Country Listing

Paraguay Table of Contents


Ports and Rivers

To reach to Paraguay's major cities from the Atlantic Ocean, vessels must pass through nearly 1,500 kilometers of Argentine territory. Paraguay's river systems also connect the country with Bolivia and the Pacific Ocean as well as with Brazil, its largest trading partner. From the late 1880s, river transportation in Paraguay was dominated by Argentine and Brazilian shipping companies.

The Río Paraná and Río Paraguay are the country's two main waterways (see fig. 3). The Río Paraguay, with headwaters at Mato Grosso, Brazil, flows southward, converging with the Paraná in southwestern Paraguay, and then flowing to the Río de la Plata Estuary, the entrance for the great majority of ships servicing Paraguay's ports. Vessels over 5,000 tons cartravel upriver only as far as Asunción during the winter months (March to October). The Río Paraná, 4,500 kilometers in length, is one of the world's major rivers and the primary mode of transportation along Paraguay's eastern and southern borders. Also flowing southward, the Paraná throughout the 1980s up was only navigable for most ships to the port of Encarnación. The construction of the Yacyretá hydroelectric plant, however, was expected to raise the water levels at Encarnación, allowing ocean-going vessels to venture as far north as Puerto Presidente Stroessner.

As a result of the rapid growth in road construction since the 1970s, the transportation role of smaller rivers was declining, especially in terms of international trade. Still, these river systems comprised over 3,000 kilometers of inland waterways.

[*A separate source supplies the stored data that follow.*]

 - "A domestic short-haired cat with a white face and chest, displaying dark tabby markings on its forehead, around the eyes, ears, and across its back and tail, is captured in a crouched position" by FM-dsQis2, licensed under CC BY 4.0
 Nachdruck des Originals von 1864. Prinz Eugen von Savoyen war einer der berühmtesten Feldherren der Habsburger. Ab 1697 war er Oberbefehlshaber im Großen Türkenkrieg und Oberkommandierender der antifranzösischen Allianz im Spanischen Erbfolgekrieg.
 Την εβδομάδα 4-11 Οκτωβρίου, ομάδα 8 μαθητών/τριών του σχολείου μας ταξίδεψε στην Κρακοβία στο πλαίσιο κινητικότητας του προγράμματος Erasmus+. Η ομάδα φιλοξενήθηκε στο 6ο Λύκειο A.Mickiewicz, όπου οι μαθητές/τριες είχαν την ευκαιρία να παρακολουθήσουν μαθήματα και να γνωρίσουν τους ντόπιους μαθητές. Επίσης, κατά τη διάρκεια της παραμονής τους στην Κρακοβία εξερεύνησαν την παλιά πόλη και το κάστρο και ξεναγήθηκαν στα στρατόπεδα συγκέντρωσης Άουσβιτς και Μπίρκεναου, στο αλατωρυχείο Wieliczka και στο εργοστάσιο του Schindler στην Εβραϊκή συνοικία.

The port of Asunción was the nation's only truly modern port and handled most of the country's imports and exports (see fig. 7). Asunción sported modern berthing facilities and advanced cargohandling equipment. Originally privately owned, the port was purchased by the government in 1940 and was managed by the Ministry of Public Works and Communications through the National Port Authority. In the 1980s, the government was striving to expand and upgrade the port's highly congested facilities. Because of congestion at Asunción, the government also was planning to build a new port thirty-seven kilometers south of the capital at Villeta. Asunción's future role as a port would be primarily to receive imports. In the late 1980s, Villeta already was handling a greater share of the country's agricultural and industrial exports. The fastest growing hub of commercial activity, however, was located at the port city of Puerto Presidente Stroessner, where Paraguay was connected with Brazil by the spectacular single-span Friendship Bridge. This growing city was also the site of the country's new international airport and generally served as the major way station for contraband trade. The country's other ports were generally small and less modern than Asunción; they included San Antonio, Encarnación, Concepción, Casado, Villa Elisa, Bahía Negra, Sajonia, Calera Cué, and Vallemí.

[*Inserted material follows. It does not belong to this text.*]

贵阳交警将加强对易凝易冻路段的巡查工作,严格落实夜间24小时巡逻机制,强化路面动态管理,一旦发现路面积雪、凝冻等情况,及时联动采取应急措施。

The government's Merchant Marine (Flota Mercante del Estado-- Flomeres) handled approximately 25 percent of the country's annual cargo level. Although many of the country's ships were outdated, in the 1980s Flomeres purchased more modern ships from Japan through government financing from that nation. Paraguay also had a privatesector fleet of merchant ships and numerous small shipping enterprises. Argentine, Brazilian, Dutch, British, and American companies provided the balance of shipping services.